# Problem requirements
Please repeat the whole listing verbatim.

# Task input
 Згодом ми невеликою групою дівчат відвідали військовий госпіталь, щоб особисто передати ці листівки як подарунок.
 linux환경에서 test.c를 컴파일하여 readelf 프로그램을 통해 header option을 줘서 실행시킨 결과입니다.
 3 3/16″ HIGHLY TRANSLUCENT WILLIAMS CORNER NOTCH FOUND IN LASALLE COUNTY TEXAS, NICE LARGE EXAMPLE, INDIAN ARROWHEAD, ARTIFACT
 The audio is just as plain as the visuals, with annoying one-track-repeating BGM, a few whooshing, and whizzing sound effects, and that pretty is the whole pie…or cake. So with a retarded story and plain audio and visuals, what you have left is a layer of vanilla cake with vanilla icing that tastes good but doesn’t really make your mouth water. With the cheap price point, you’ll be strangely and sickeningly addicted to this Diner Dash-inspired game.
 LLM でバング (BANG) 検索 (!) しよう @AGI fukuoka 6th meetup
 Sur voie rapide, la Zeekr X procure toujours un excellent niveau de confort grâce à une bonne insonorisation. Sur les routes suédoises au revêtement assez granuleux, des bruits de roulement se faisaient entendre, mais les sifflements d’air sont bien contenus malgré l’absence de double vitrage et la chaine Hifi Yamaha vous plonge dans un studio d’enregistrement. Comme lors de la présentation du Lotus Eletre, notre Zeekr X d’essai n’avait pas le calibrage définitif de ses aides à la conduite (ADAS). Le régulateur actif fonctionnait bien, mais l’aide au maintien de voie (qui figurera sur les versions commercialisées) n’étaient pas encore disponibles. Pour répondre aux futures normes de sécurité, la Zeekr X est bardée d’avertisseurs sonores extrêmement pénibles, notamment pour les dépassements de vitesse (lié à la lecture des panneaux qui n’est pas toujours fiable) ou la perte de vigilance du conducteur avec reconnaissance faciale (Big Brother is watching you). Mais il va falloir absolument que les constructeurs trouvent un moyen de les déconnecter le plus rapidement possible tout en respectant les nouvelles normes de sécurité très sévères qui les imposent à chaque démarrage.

# Written answer
 Згодом ми невеликою групою дівчат відвідали військовий госпіталь, щоб особисто передати ці листівки як подарунок.
 linux환경에서 test.c를 컴파일하여 readelf 프로그램을 통해 header option을 줘서 실행시킨 결과입니다.
 3 3/16″ HIGHLY TRANSLUCENT WILLIAMS CORNER NOTCH FOUND IN LASALLE COUNTY TEXAS, NICE LARGE EXAMPLE, INDIAN ARROWHEAD, ARTIFACT
 The audio is just as plain as the visuals, with annoying one-track-repeating BGM, a few whooshing, and whizzing sound effects, and that pretty is the whole pie…or cake. So with a retarded story and plain audio and visuals, what you have left is a layer of vanilla cake with vanilla icing that tastes good but doesn’t really make your mouth water. With the cheap price point, you’ll be strangely and sickeningly addicted to this Diner Dash-inspired game.
 LLM でバング (BANG) 検索 (!) しよう @AGI fukuoka 6th meetup
 Sur voie rapide, la Zeekr X procure toujours un excellent niveau de confort grâce à une bonne insonorisation. Sur les routes suédoises au revêtement assez granuleux, des bruits de roulement se faisaient entendre, mais les sifflements d’air sont bien contenus malgré l’absence de double vitrage et la chaine Hifi Yamaha vous plonge dans un studio d’enregistrement. Comme lors de la présentation du Lotus Eletre, notre Zeekr X d’essai n’avait pas le calibrage définitif de ses aides à la conduite (ADAS). Le régulateur actif fonctionnait bien, mais l’aide au maintien de voie (qui figurera sur les versions commercialisées) n’étaient pas encore disponibles. Pour répondre aux futures normes de sécurité, la Zeekr X est bardée d’avertisseurs sonores extrêmement pénibles, notamment pour les dépassements de vitesse (lié à la lecture des panneaux qui n’est pas toujours fiable) ou la perte de vigilance du conducteur avec reconnaissance faciale (Big Brother is watching you). Mais il va falloir absolument que les constructeurs trouvent un moyen de les déconnecter le plus rapidement possible tout en respectant les nouvelles normes de sécurité très sévères qui les imposent à chaque démarrage.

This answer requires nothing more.